Session Information
Date: Wednesday, September 25, 2019
Session Title: Physiology and Pathophysiology
Session Time: 1:15pm-2:45pm
Location: Les Muses, Level 3
Objective: To apply computerized spiral analysis to investigate upper limb kinematics and impact of deep brain stimulation (DBS) on motor dysfunction in Parkinson disease (PD) and essential tremor (ET).
Background: Computerized spiral analysis is a non-invasive test capturing kinematic dynamics and spatial featuresof Archimedean spirals. It computes a series of mathematical indices by to quantify motor performance and is validated with clinical rating scales in PD and ET. Clinical changes from DBS are typically evaluated subjectively, which lacks sensitivity for subtle changes. With the development of more sophisticated DBS targeting methods, we propose to document DBS outcomes to elucidate which spiral analysis indices reflect favorable outcomes and which do not.

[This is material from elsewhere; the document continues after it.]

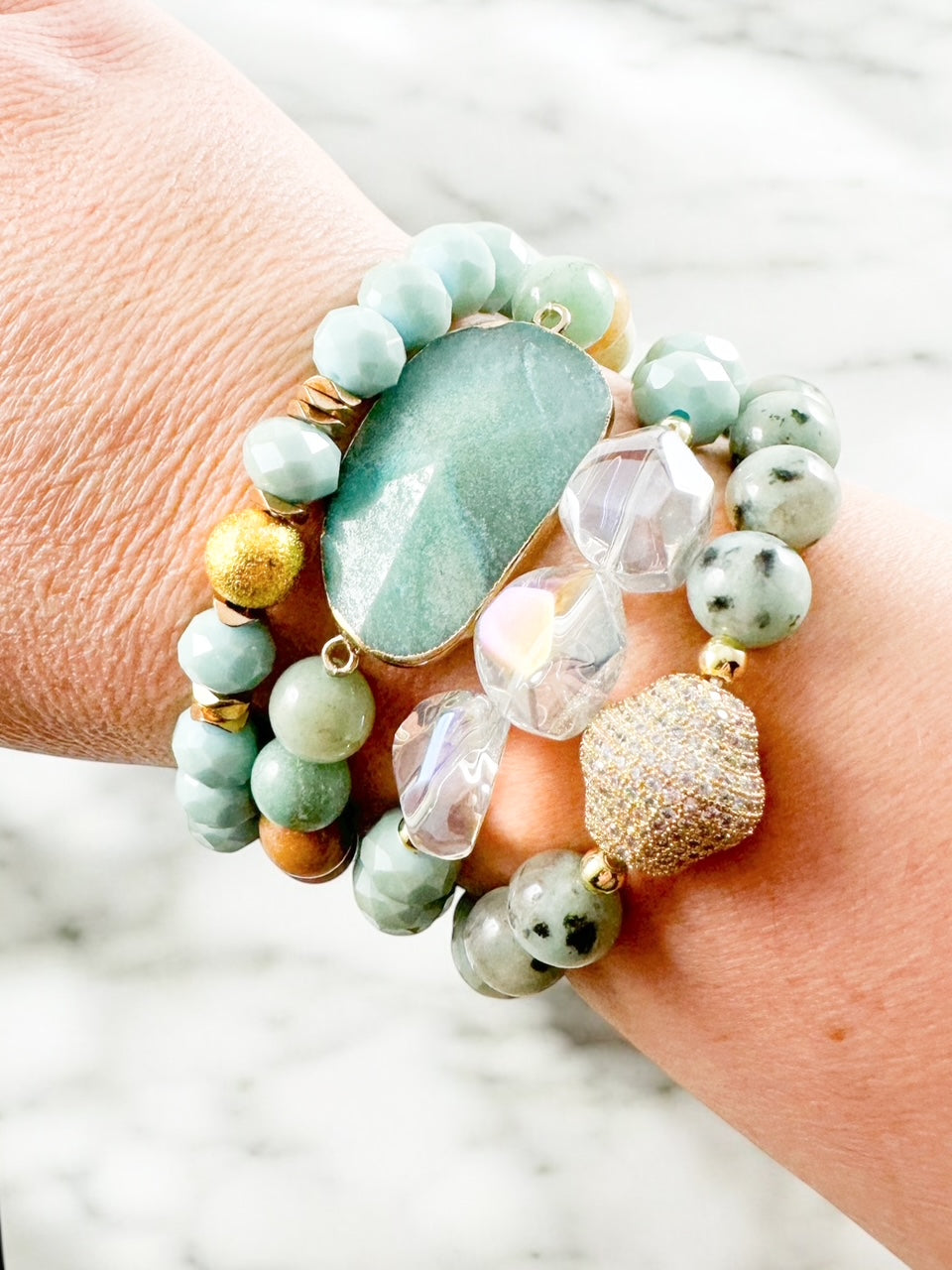 amazonite bracelet set, seafoam green bracelet, mint green stretch bracelets, aqua beaded bracelets, frosted crystal bracelet set, natural stone bracelet stack, handmade amazonite jewelry, pastel green bracelet, layered bracelet set, coastal style bracelet, beachy boho bracelets, 4 piece bracelet stack, boutique stretch bracelets, green crystal bracelets, amazonite stacking bracelets, neutral green jewelry, light green beaded bracelet, summer bracelet set, beach vacation jewelry, spring accessory for women, boho chic bracelet set, gift for her under 40, everyday gemstone bracelet, trendy mint bracelet stack, amazonite jewelry for women, Anabelle+Oak bracelet set, sea glass inspired bracelet

Method: This retrospective study evaluated 99 subjects with PD (76), ET (13), or PD-ET (10) referred for DBS from 2002-2018 who underwent pre- and post-operative spiral analysis testing. Subjects freely drew 10 spirals with both hands on plain paper with an inking pen on a graphics tablet (Intuos4, Wacom Technology, Corp, Vancouver, WA). Acquisition and analysis software were written in Objective-C and MATLAB (The Mathworks, Natick, MA). We assessed a subset of indices with validated clinical correlates: overall degree of disease severity (DoS) corresponding to a 5-point (0-4) rating scale, second order smoothness (2ndSm) as a marker of bradykinesia, rigidity, and drawing irregularity, tightness as a correlate of micrographia, spiral width variation (SWVI) measuring ataxia, drawing speed from the start to end of each spiral, and tremor severity.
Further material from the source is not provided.